Trout Stream Buffer Legislation Pending Before the North Carolina Legislature

Article Contact: Conner Barker,

Why It Matters: Preventing sedimentation in streams is critical to protecting habitat for trout and other aquatic organisms. Streams with less sedimentation have better water quality, and vegetated buffers provide shade that helps regulate water temperatures for trout and other cold-water species that require cool, well-oxygenated waters to survive. Better fish habitat supports healthier fisheries and, in turn, provides better experiences for anglers.  


  • In April of 2023, North Carolina Legislative Sportsmen’s Caucus (Caucus) Member Senator Bill Rabon, along with Caucus Members Senator Buck Newton, Senator Tim Moffitt, Senator Tom McInnis, introduced legislation to protect trout streams in the Tar Heel State.
  • Last year, the Senate Committee on Agriculture, Energy and Environment favorably reported Senate Bill 613, and the Senate subsequently passed the bill 47-0.
  • As part of the two-year session, Senate Bill 613 is still up for consideration and has been assigned to the House Committee on Finance where it awaits further action.

According to a recent report, trout fishing in North Carolina has an annual economic impact of $1.38 billion.
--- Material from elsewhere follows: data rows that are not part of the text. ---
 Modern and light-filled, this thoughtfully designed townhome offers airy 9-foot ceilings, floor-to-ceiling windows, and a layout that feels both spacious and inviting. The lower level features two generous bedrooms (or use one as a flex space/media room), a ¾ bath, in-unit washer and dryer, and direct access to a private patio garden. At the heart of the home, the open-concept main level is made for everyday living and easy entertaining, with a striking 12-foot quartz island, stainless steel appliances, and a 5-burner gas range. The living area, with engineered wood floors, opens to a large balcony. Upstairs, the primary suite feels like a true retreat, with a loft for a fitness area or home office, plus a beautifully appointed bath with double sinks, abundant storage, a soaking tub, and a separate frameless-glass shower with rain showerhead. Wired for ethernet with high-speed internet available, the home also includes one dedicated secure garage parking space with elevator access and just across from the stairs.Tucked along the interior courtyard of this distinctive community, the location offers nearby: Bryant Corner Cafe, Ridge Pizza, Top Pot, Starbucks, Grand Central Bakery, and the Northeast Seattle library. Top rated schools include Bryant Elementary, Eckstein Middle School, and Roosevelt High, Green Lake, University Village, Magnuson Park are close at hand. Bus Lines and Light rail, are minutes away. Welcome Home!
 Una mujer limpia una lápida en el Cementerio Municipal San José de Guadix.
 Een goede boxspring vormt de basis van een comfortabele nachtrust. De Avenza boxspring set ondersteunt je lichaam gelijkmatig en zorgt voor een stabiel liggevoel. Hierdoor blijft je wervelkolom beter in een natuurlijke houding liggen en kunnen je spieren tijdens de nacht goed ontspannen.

Additionally, trout anglers are among North Carolina’s over 1.4 million paid fishing license holders that generate over $28 million in fishing license sales and $13 million in matching federal funds. To support this resource, the North Carolina Wildlife Resources Commission maintains a cold-water stocking program that raises one million brook, brown, and rainbow trout annually to be stocked in North Carolina’s trout streams.
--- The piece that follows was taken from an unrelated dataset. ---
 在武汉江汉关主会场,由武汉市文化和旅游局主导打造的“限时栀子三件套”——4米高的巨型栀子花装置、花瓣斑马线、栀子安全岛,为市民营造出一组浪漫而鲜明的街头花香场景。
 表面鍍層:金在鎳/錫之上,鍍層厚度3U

Stream buffers help conserve riparian zones that are critical components of healthy aquatic ecosystems. In addition to promoting bank stabilization, habitat connectivity, and reducing flood risk, stream buffer zones significantly reduce erosion and sedimentation. Trout can only survive in a narrow range of cold-water temperatures that are dependent on low sedimentation rates and abundant shade, both of which are provided by sufficient stream buffers. In the absence of stream buffers, uncontrolled erosion and sedimentation can threaten North Carolina’s trout fisheries.

Senate Bill 613 would require that new agricultural operations maintain a 25-foot stream buffer zone along waters classified as trout waters by the Environmental Management Commission. The proposed legislation would only impact new agricultural operations. The exemption from stream buffer requirements for already existing agricultural lands would remain intact.

The Congressional Sportsmen’s Foundation (CSF) encourages the North Carolina House of Representatives to send Senate Bill 613 to Governor Cooper’s desk before the end of the short session. CSF appreciates the leadership of the bill sponsors and will continue to work with the North Carolina Legislative Sportsmen’s Caucus and partners to advocate for policies that support trout conservation and angler access in North Carolina.